Keep in mind that these are only general estimates. While these may be a useful starting point to help you plan your retirement, you should consider speaking with a licensed financial adviser about your personal circumstances.
When should I retire?
Even though the preservation age and Age Pension age may be relevant considerations, there's no one age that's perfect for retirement. The important thing is to plan ahead for the possibility of a longer retirement than you might think. As Australians are living longer, it's important to consider that you may need more savings to avoid running out of money later in life. In some cases, this might mean exploring the idea of working longer than you originally expected.
For many people, it's not too early to start planning about their retirement and generally the sooner they start planning, the more time they’ll have, which can help better preparing themselves for the future. Ultimately, it's your decision when you start slowing down or stop working altogether, based on your circumstances and financial ability to do so.
Need help deciding when to retire?
If you’re a Rest member who wants to speak with a professional about your super or retirement plans, you can book a call with a Rest Adviser.
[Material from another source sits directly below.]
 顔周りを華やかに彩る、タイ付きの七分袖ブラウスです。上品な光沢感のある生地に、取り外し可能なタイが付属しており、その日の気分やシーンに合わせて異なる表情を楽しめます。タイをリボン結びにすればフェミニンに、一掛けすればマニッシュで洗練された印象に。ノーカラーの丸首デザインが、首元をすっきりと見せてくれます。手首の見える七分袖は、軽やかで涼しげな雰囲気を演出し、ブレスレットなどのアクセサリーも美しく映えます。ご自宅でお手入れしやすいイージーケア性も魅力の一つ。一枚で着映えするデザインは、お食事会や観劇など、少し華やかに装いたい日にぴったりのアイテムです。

Out of pocket advice fees apply for retirement planning. We’ll always talk to you about any fees first.
What to consider when planning your retirement?
Everyone’s goals and lifestyles are different, which means the amount you need for your retirement is also going to be different. It depends on many factors, with one important factor being how much money you'll need to support your lifestyle once you stop working. This will depend on a range of factors, including:
- your retirement goals
- your existing finances
- your expected expenses.
Ask yourself:
- what kind of lifestyle are you aiming for after you retire? i.e. comfortable, modest or something else.
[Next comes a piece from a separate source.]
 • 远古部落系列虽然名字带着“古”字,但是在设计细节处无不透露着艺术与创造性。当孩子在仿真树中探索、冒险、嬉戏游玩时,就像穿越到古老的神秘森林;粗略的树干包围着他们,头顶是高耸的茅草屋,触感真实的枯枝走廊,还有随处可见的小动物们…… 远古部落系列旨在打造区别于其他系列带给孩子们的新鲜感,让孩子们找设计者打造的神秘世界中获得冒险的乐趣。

- based on your preferred lifestyle, how much money do you think you’ll need each year?
- how many income source(s) will you have, and what type(s)? e.g. super, the Age Pension, and any investments you might have.
- will you have any debts, ongoing costs or other expected expenses? i.e. mortgage repayments or rent and medical expenses
- how close are you to retirement? If you’re planning to retire in 5 years, your plan could look very different from someone who’s retiring in 10 years.
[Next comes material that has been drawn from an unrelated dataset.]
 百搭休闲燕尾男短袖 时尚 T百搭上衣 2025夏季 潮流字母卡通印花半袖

These are only some considerations, so take the time to carefully plan and consider your retirement goals and finances, and if required speak to a licensed financial adviser. This may help you set yourself up for a retirement that meets your unique needs and aspirations.
Transition to retirement
If you’re ready to slow down and reduce the hours you work, accessing some of your super through a transition to retirement (TTR) account can be one way to supplement your work income as you approach retirement age. Depending on your circumstances, it may be possible to maintain a similar level of take-home pay.
With a transition to retirement account, you can access your super savings while you’re still working. It’s an option for those who may not be ready to fully retire but want to gradually reduce their working hours while still receiving an income.
To be eligible for a transition to retirement strategy, you must have reached your preservation age. Generally, this strategy may suit those who:
- are still in the workforce
- have existing super benefits
- want to continue to receive super contributions
- are transitioning to retirement.
It’s important to keep in mind that accessing your super through a TTR income reduces your retirement savings and may impact your government benefits and life insurance. It’s a good idea to speak with a financial adviser to make sure a transition to retirement strategy is right for you and your retirement plans.